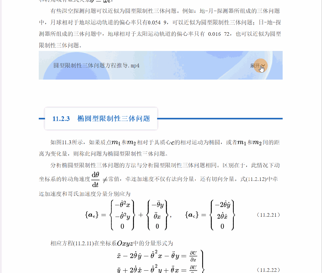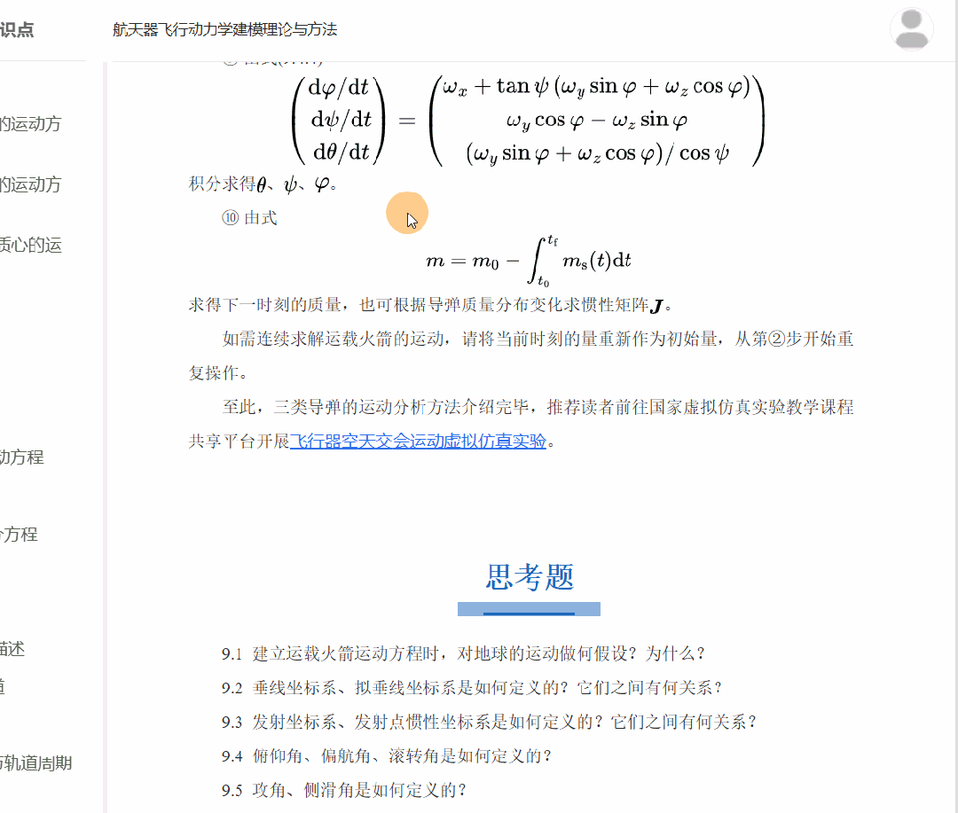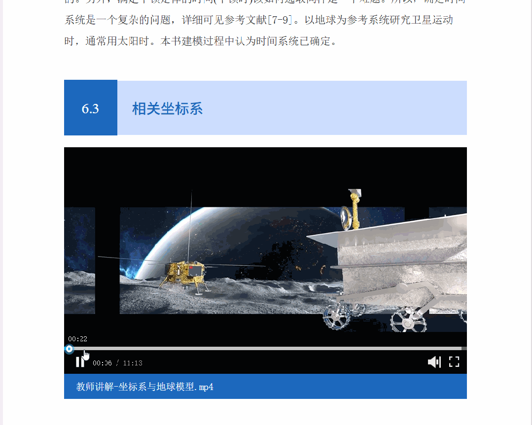 《航天器飞行动力学建模理论与方法》是国家级一流本科课程“飞行动力学基础”的配套数字教材,教材内容聚焦航天飞行动力学领域的基础理论和方法,依托现代信息技术,将航天器发展沿革、科技前沿,以及教学团队在航天动力学与控制领域长期积累的研究成果、教学设计、工程应用案例等内容进行数智化处理,在内容呈现上,教材整合了对应课程的慕课、智慧课程资源,综合运用了文字、图片、视频、动画以及思维导图等多媒体工具,让学习者能够依托丰富的教学资源系统地进行学习。
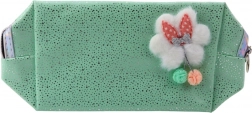 Ez az univerzális neszesszer a finom mentazöld színben játékos dizájnt ötvöz praktikus részletekkel. A csillogó szemcsék elegáns csavart adnak, míg az elülső bolyhos masnis felhő és a színes pomponok kiemelik a cuki stílust.
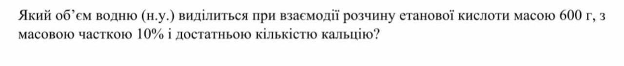 будь ласка срочно який обʼєм водню (н.у.) виділиться при взаємодії розчину етанової кислоти масою 600 г, з масовою часткою 10% і достатньою кількістю кальцію?
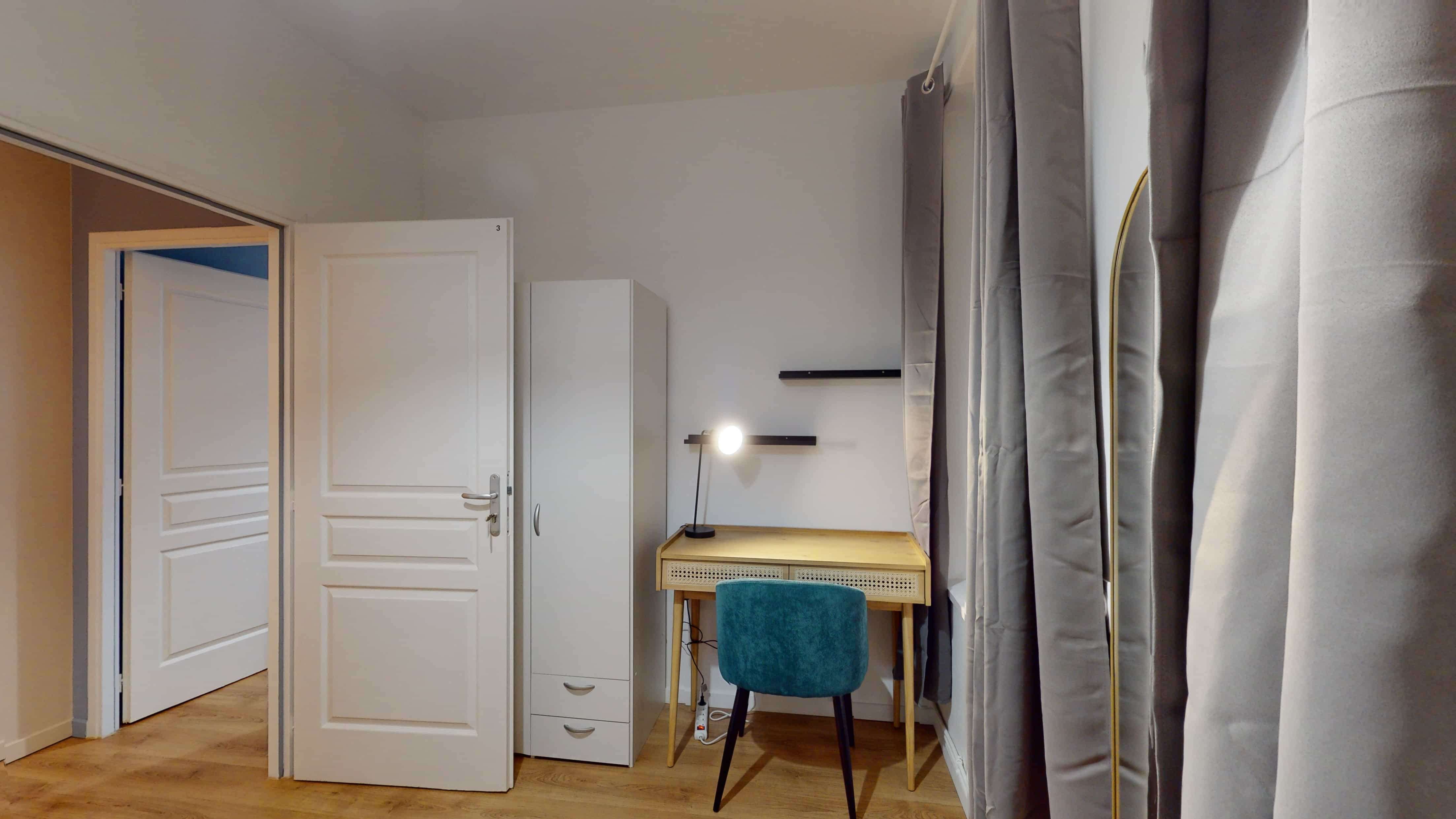 La chambre disponible, Room 3, est parfaitement agencée pour une personne avec son lit double confortable, une armoire pour vos affaires, un bureau pour travailler et une chaise. Elle partage une salle de bain moderne avec d'autres locataires, ce qui garantit propreté et praticité.
====
[WHAT THE TASK REQUIRES]: Nothing but the lines from the top of the data above through the line containing "будь ласка срочно" should be output, exactly as written and without the pictures.

[YOUR SOLUTION]:
 《航天器飞行动力学建模理论与方法》是国家级一流本科课程“飞行动力学基础”的配套数字教材,教材内容聚焦航天飞行动力学领域的基础理论和方法,依托现代信息技术,将航天器发展沿革、科技前沿,以及教学团队在航天动力学与控制领域长期积累的研究成果、教学设计、工程应用案例等内容进行数智化处理,在内容呈现上,教材整合了对应课程的慕课、智慧课程资源,综合运用了文字、图片、视频、动画以及思维导图等多媒体工具,让学习者能够依托丰富的教学资源系统地进行学习。
 Ez az univerzális neszesszer a finom mentazöld színben játékos dizájnt ötvöz praktikus részletekkel. A csillogó szemcsék elegáns csavart adnak, míg az elülső bolyhos masnis felhő és a színes pomponok kiemelik a cuki stílust.
 будь ласка срочно який обʼєм водню (н.у.) виділиться при взаємодії розчину етанової кислоти масою 600 г, з масовою часткою 10% і достатньою кількістю кальцію?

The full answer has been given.